• DIRECTIONS:
Everything in the listing that follows should be reproduced exactly except the pictures.

• RECORDS TO PROCESS:
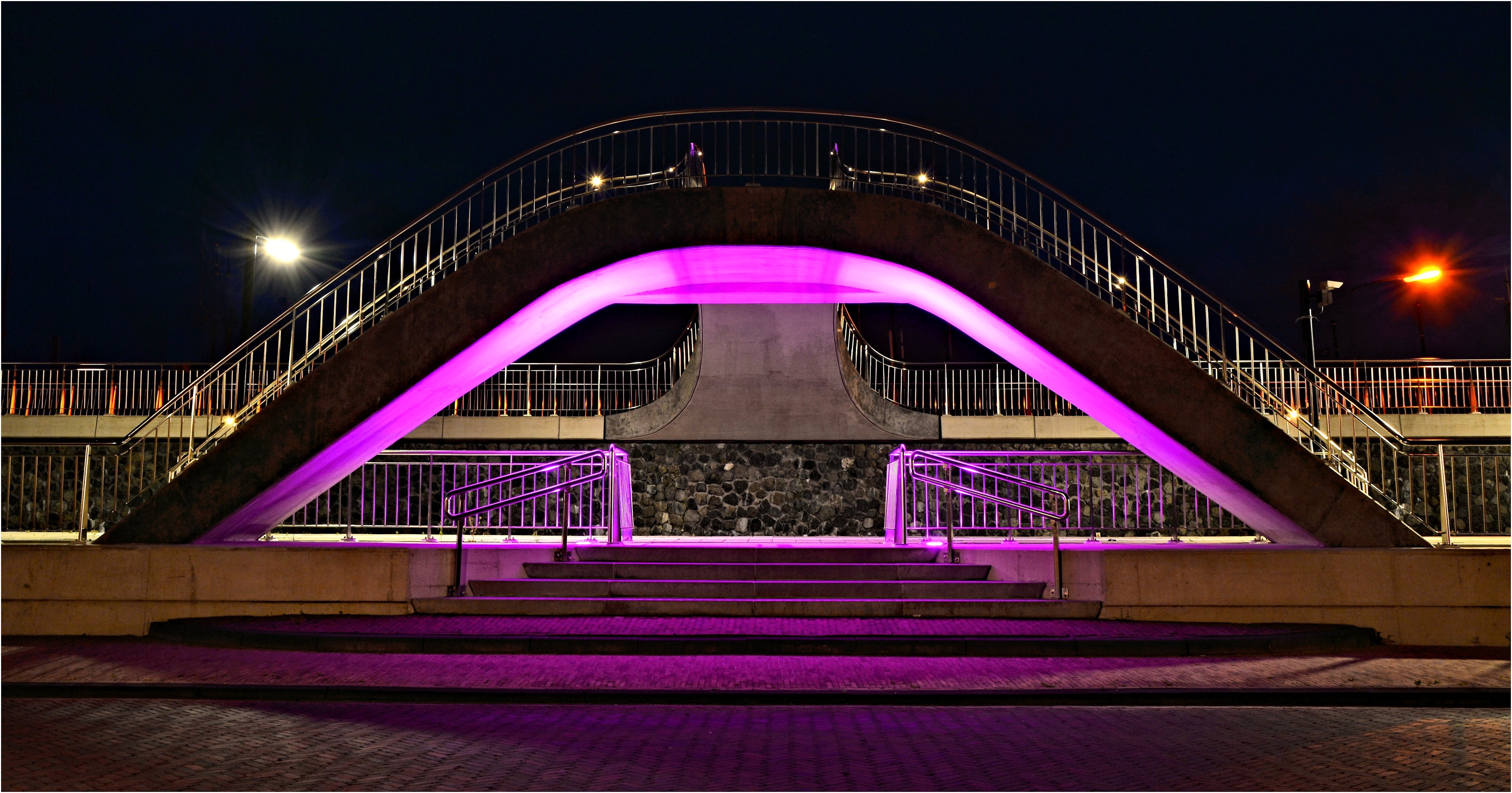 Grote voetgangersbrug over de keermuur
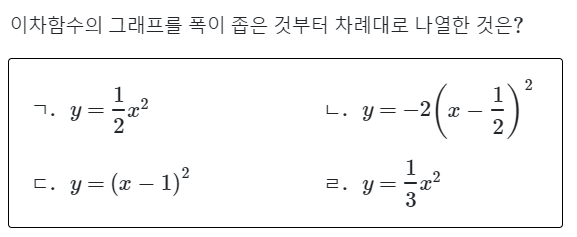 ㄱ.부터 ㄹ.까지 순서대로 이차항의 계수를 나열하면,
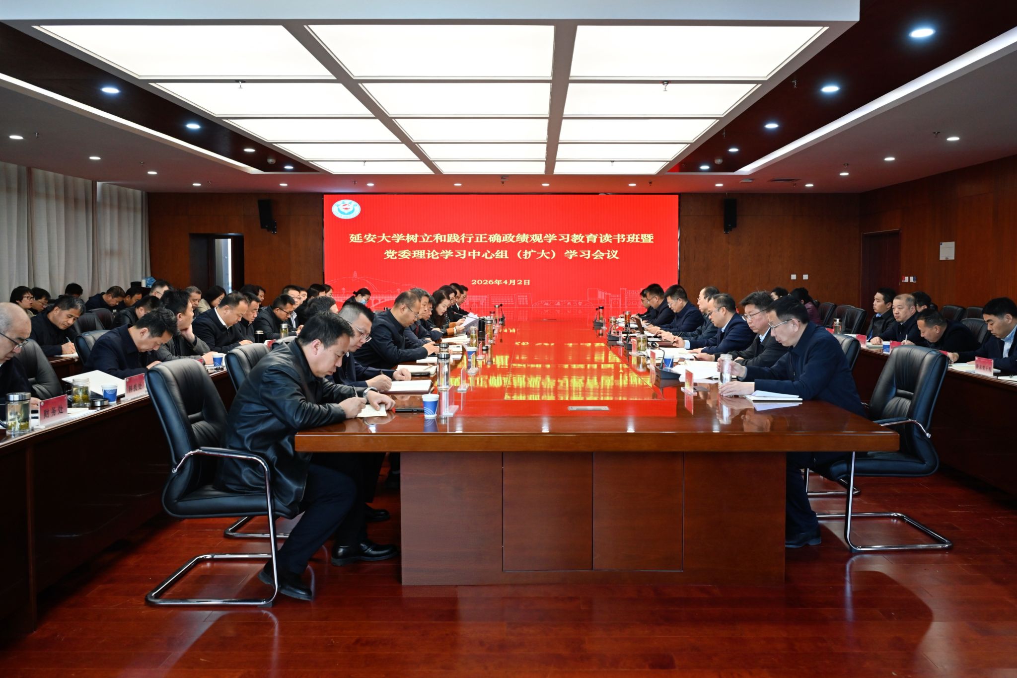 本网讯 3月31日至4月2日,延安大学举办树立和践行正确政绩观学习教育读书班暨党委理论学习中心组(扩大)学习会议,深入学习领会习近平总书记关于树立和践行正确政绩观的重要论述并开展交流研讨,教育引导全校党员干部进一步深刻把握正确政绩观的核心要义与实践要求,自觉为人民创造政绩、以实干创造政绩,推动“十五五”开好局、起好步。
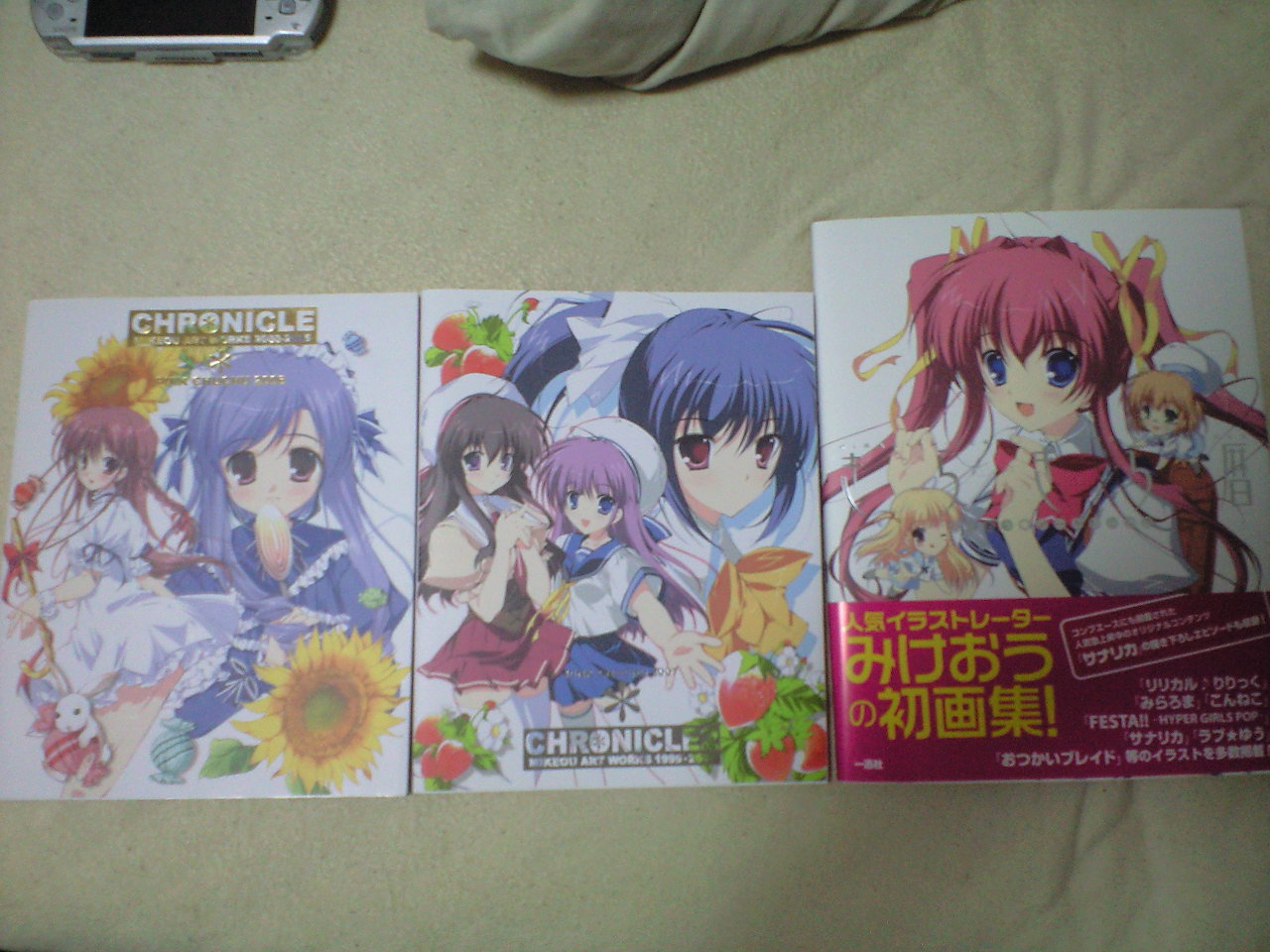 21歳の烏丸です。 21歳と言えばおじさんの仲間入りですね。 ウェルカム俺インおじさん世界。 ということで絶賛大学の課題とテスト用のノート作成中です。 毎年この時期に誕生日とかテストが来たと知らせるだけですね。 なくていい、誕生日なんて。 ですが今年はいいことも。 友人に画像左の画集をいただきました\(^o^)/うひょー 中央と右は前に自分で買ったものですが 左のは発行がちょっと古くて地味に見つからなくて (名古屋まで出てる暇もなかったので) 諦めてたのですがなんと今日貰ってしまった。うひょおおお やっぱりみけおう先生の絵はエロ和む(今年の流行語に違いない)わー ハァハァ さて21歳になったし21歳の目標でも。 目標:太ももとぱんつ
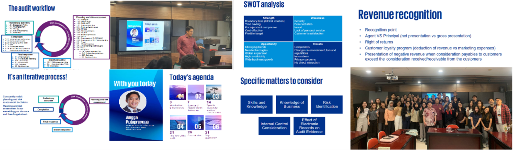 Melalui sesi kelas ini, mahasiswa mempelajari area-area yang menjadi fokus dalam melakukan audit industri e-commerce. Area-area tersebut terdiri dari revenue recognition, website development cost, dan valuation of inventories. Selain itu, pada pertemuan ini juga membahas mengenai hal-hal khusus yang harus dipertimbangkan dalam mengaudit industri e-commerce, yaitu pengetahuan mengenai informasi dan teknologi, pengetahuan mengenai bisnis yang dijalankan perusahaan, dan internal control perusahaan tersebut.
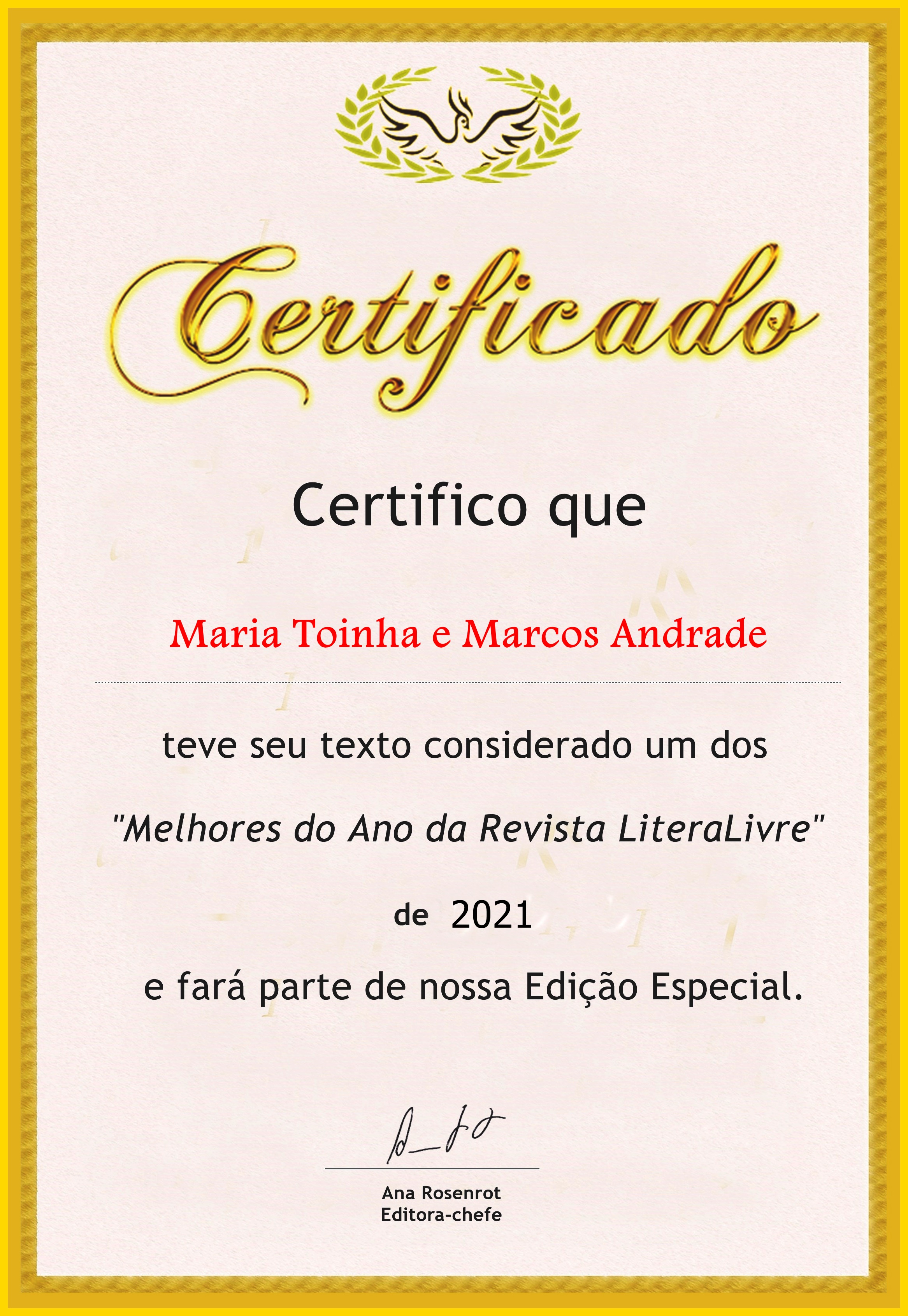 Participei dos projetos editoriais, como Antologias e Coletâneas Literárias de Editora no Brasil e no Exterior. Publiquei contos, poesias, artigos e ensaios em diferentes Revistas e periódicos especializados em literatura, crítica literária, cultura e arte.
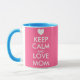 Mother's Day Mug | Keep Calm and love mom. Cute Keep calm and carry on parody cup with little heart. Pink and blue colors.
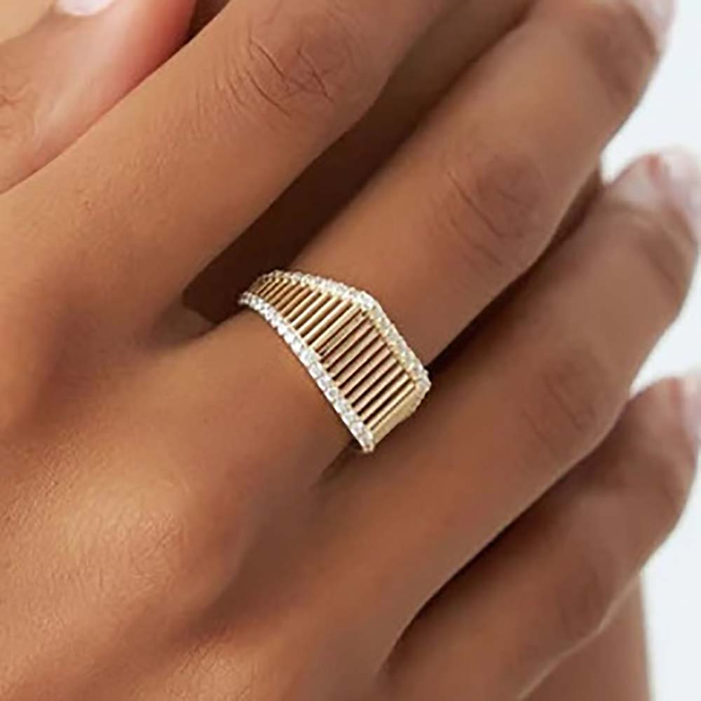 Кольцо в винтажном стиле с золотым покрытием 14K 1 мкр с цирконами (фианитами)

• RESULT:
 Grote voetgangersbrug over de keermuur
 ㄱ.부터 ㄹ.까지 순서대로 이차항의 계수를 나열하면,
 本网讯 3月31日至4月2日,延安大学举办树立和践行正确政绩观学习教育读书班暨党委理论学习中心组(扩大)学习会议,深入学习领会习近平总书记关于树立和践行正确政绩观的重要论述并开展交流研讨,教育引导全校党员干部进一步深刻把握正确政绩观的核心要义与实践要求,自觉为人民创造政绩、以实干创造政绩,推动“十五五”开好局、起好步。
 21歳の烏丸です。 21歳と言えばおじさんの仲間入りですね。 ウェルカム俺インおじさん世界。 ということで絶賛大学の課題とテスト用のノート作成中です。 毎年この時期に誕生日とかテストが来たと知らせるだけですね。 なくていい、誕生日なんて。 ですが今年はいいことも。 友人に画像左の画集をいただきました\(^o^)/うひょー 中央と右は前に自分で買ったものですが 左のは発行がちょっと古くて地味に見つからなくて (名古屋まで出てる暇もなかったので) 諦めてたのですがなんと今日貰ってしまった。うひょおおお やっぱりみけおう先生の絵はエロ和む(今年の流行語に違いない)わー ハァハァ さて21歳になったし21歳の目標でも。 目標:太ももとぱんつ
 Melalui sesi kelas ini, mahasiswa mempelajari area-area yang menjadi fokus dalam melakukan audit industri e-commerce. Area-area tersebut terdiri dari revenue recognition, website development cost, dan valuation of inventories. Selain itu, pada pertemuan ini juga membahas mengenai hal-hal khusus yang harus dipertimbangkan dalam mengaudit industri e-commerce, yaitu pengetahuan mengenai informasi dan teknologi, pengetahuan mengenai bisnis yang dijalankan perusahaan, dan internal control perusahaan tersebut.
 Participei dos projetos editoriais, como Antologias e Coletâneas Literárias de Editora no Brasil e no Exterior. Publiquei contos, poesias, artigos e ensaios em diferentes Revistas e periódicos especializados em literatura, crítica literária, cultura e arte.
 Mother's Day Mug | Keep Calm and love mom. Cute Keep calm and carry on parody cup with little heart. Pink and blue colors.
 Кольцо в винтажном стиле с золотым покрытием 14K 1 мкр с цирконами (фианитами)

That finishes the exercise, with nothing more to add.